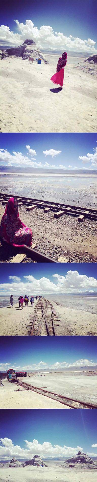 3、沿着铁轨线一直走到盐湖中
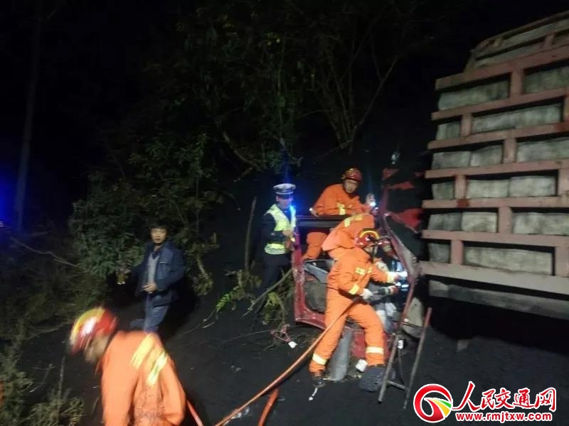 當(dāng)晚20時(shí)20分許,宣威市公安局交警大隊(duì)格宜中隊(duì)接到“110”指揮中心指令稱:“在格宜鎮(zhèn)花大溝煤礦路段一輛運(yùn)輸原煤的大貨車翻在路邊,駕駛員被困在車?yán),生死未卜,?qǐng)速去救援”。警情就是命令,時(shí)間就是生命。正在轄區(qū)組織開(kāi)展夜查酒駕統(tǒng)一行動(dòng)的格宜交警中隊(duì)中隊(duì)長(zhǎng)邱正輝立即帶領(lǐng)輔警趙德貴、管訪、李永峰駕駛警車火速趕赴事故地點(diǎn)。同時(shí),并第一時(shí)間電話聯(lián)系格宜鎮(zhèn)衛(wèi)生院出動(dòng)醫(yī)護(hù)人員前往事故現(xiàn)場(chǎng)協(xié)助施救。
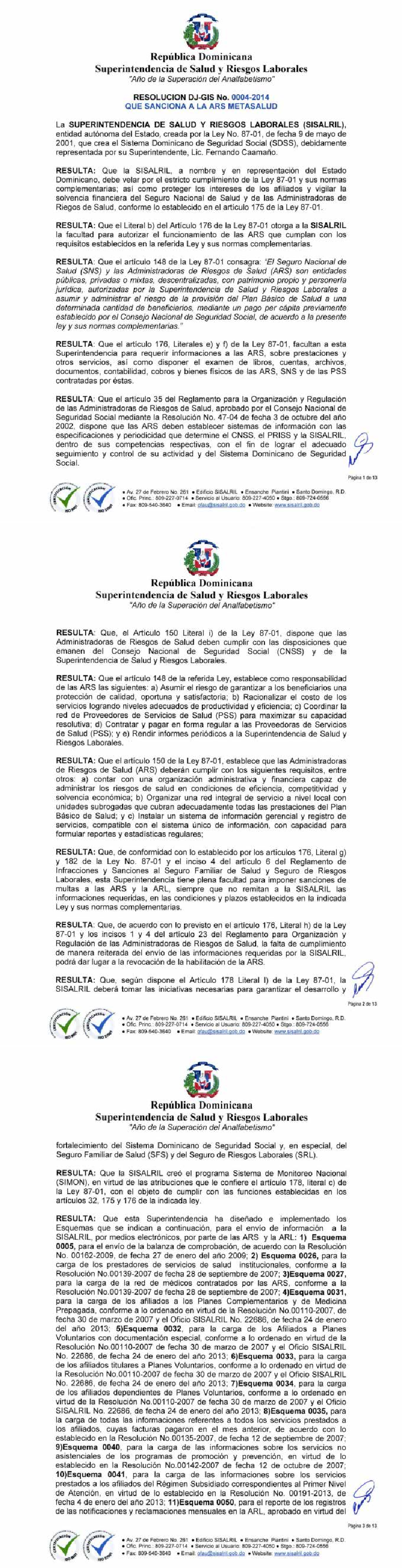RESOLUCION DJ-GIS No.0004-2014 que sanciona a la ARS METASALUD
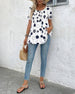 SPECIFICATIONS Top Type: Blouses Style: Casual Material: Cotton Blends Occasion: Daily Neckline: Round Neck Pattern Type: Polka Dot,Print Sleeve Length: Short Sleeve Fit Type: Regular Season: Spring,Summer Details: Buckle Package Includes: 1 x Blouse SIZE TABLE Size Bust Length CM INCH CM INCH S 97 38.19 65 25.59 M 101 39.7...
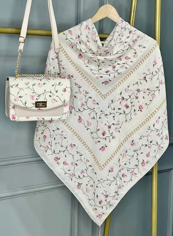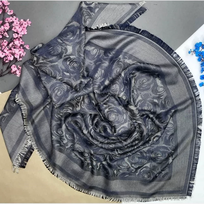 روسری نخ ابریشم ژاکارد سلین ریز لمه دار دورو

◆ ◆ ◆ ◆

The result should be every entry, word for word, and no pictures.

 3、沿着铁轨线一直走到盐湖中
 當(dāng)晚20時(shí)20分許,宣威市公安局交警大隊(duì)格宜中隊(duì)接到“110”指揮中心指令稱:“在格宜鎮(zhèn)花大溝煤礦路段一輛運(yùn)輸原煤的大貨車翻在路邊,駕駛員被困在車?yán),生死未卜,?qǐng)速去救援”。警情就是命令,時(shí)間就是生命。正在轄區(qū)組織開(kāi)展夜查酒駕統(tǒng)一行動(dòng)的格宜交警中隊(duì)中隊(duì)長(zhǎng)邱正輝立即帶領(lǐng)輔警趙德貴、管訪、李永峰駕駛警車火速趕赴事故地點(diǎn)。同時(shí),并第一時(shí)間電話聯(lián)系格宜鎮(zhèn)衛(wèi)生院出動(dòng)醫(yī)護(hù)人員前往事故現(xiàn)場(chǎng)協(xié)助施救。
RESOLUCION DJ-GIS No.0004-2014 que sanciona a la ARS METASALUD
 SPECIFICATIONS Top Type: Blouses Style: Casual Material: Cotton Blends Occasion: Daily Neckline: Round Neck Pattern Type: Polka Dot,Print Sleeve Length: Short Sleeve Fit Type: Regular Season: Spring,Summer Details: Buckle Package Includes: 1 x Blouse SIZE TABLE Size Bust Length CM INCH CM INCH S 97 38.19 65 25.59 M 101 39.7...
 روسری نخ ابریشم ژاکارد سلین ریز لمه دار دورو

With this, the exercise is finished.